We conclude that the waiver provision at issue is a “rule” within the meaning of the N.C. Administrative Procedures Act (APA) and, absent promulgation in accordance with the APA, does not carry the force of law.
The waiver provision interprets Medicaid eligibility by defining those services Jonathan is eligible to receive under the CAP Program. Thus, we conclude the trial court was correct in finding that the waiver provision is a rule pursuant to the APA.
Additionally, as respondent concedes, the waiver was not promulgated in accordance with either the N.C. APA or the federal APA. Consequently, we conclude the trial court did not err in finding the waiver is neither state nor federal law. Nor did the trial court err in concluding respondent’s reliance upon the waiver to deny services to petitioner was an error of law.
This case is distinguishable from Arrowood v. North Carolina Department of Health & Human Services, 353 N.C. 351, 543 S.E.2d 481 (2001), in that the waiver provision upon which respondent relied in order to deny petitioners’ benefits in this case lacks any meaningful clarity. Mere knowledge of the potential for denial of services is quite distinct from an agreement to be bound by terms explicitly set forth in a written contract like the one in Arrowood.
We conclude Arrowood is an exception to the general principle that an administrative rule is not valid unless adopted in accordance with the provisions of Article 2A of the Administrative Procedure Act, and its holding is limited to the unique facts of that case. Therefore, because the provision of the waiver at issue here was a rule that was not promulgated in accordance with the APA, and the circumstances presented do not fit within the Arrowood exception, the provision is not legally binding and could not properly serve as the legal basis for respondent’s denial of Jonathan’s benefits.
We conclude that the superior court properly found the waiver does not carry the force of law. Therefore, the superior court did not err in its de novo review and its order reversing respondent’s denial as arbitrary and capricious is affirmed.
Federal regulation of state Medicaid programs requires the state agency to “promptly make corrective payments, retroactive to the date an incorrect action was taken” if it is ultimately determined that the agency incorrectly denied coverage. 42 C.F.R. § 431.246.
The “vendor payment principle,” however, generally requires payment for Medicaid services to be made only to the provider of services. 42 U.S.C. § 396a(a)(32); 42 C.F.R. § 447.10(d). This requirement encourages provider participation in Medicaid by ensuring that providers will be paid for their services absent fear of nonpayment.

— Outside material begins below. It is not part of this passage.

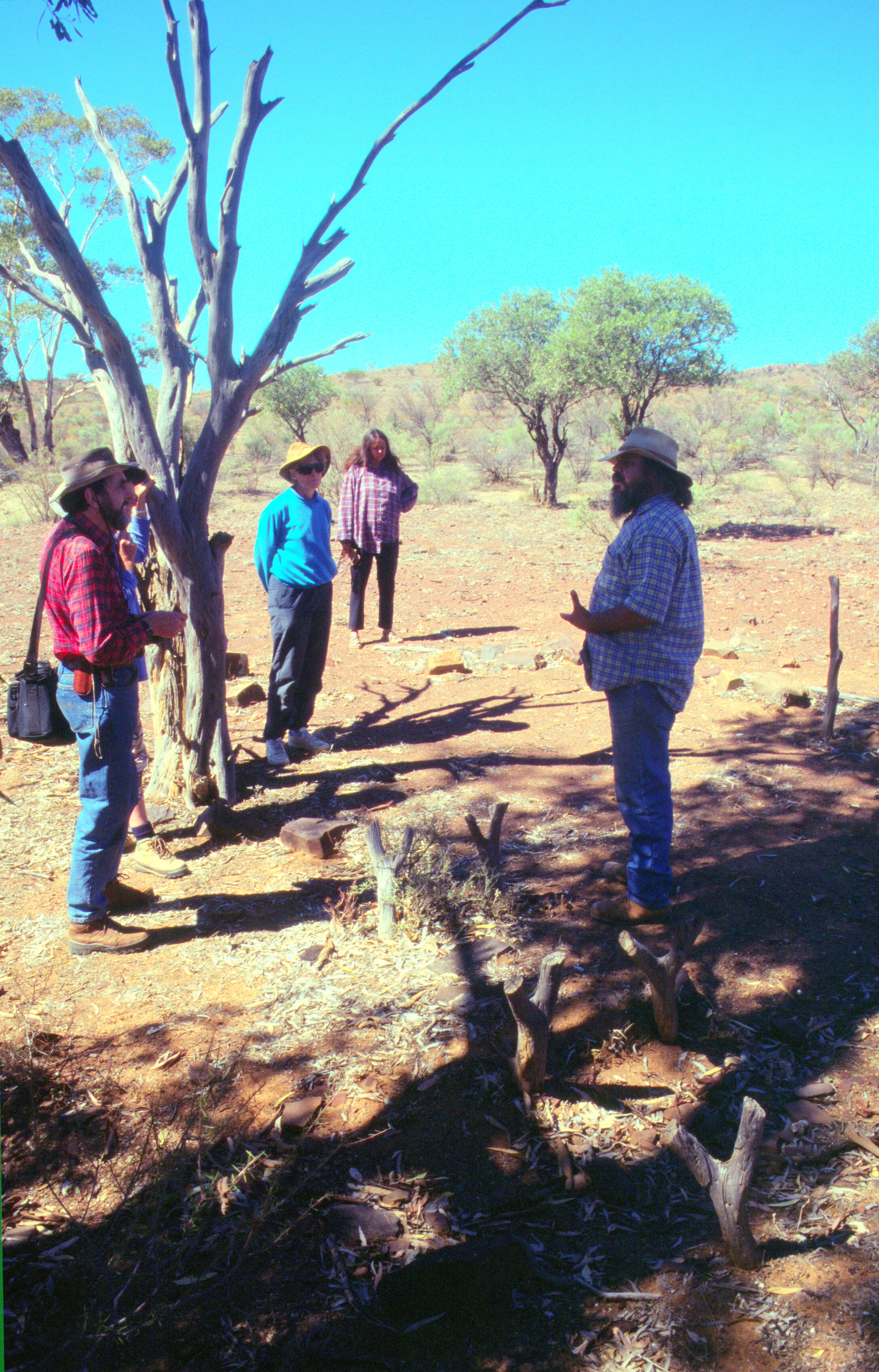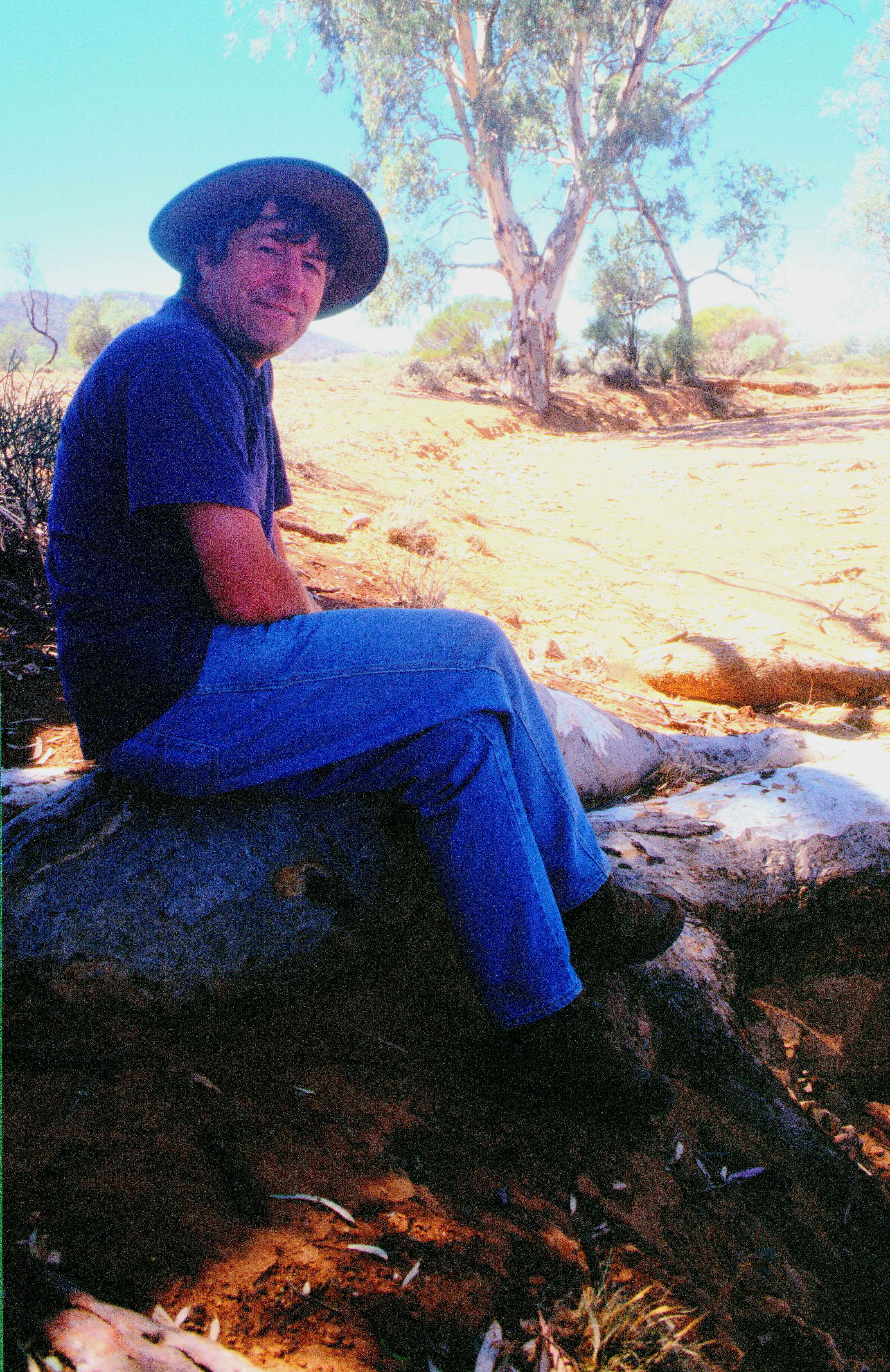 We had a good night. It was a bit chilly when we woke up and had been windy in the night and was windy quite a bit in the morning but a clear blue sky and a beautiful day. We had breakfast, we made toast on the embers of last nights fire and then Cliff came with Genevieve and we went across to Terry's house where we saw a wonderful display of photographs, mounted with captions, all about their Aboriginal tribe. We then went off following them and they took us to a gorge. We looked first at some little implements that we picked up which looked just like stones but they were past implements of this Aboriginal tribe.

Following this rationale, there is a logical exception to the vendor payment principal in the context of corrective action payments where the provider has already been paid for her services, and only the recipient requires reimbursement.
We conclude that respondent incorrectly denied McNeill’s services under Jonathan’s plan of care.
Petitioners have paid McNeill for her services throughout this appeal; therefore it is only the petitioners who require reimbursement. The vendor payment principle does not preclude respondent from making corrective action payments directly to petitioners.
Therefore, respondent must make corrective payments retroactive to the date on which these services were improperly denied.
Where there is insufficient evidence to determine the basis for the amount of payments or the value of the services provided by McNeill, this matter must be remanded to the superior court for an evidentiary hearing to determine the proper amount of reimbursement.
Affirmed in part, reversed in part and remanded.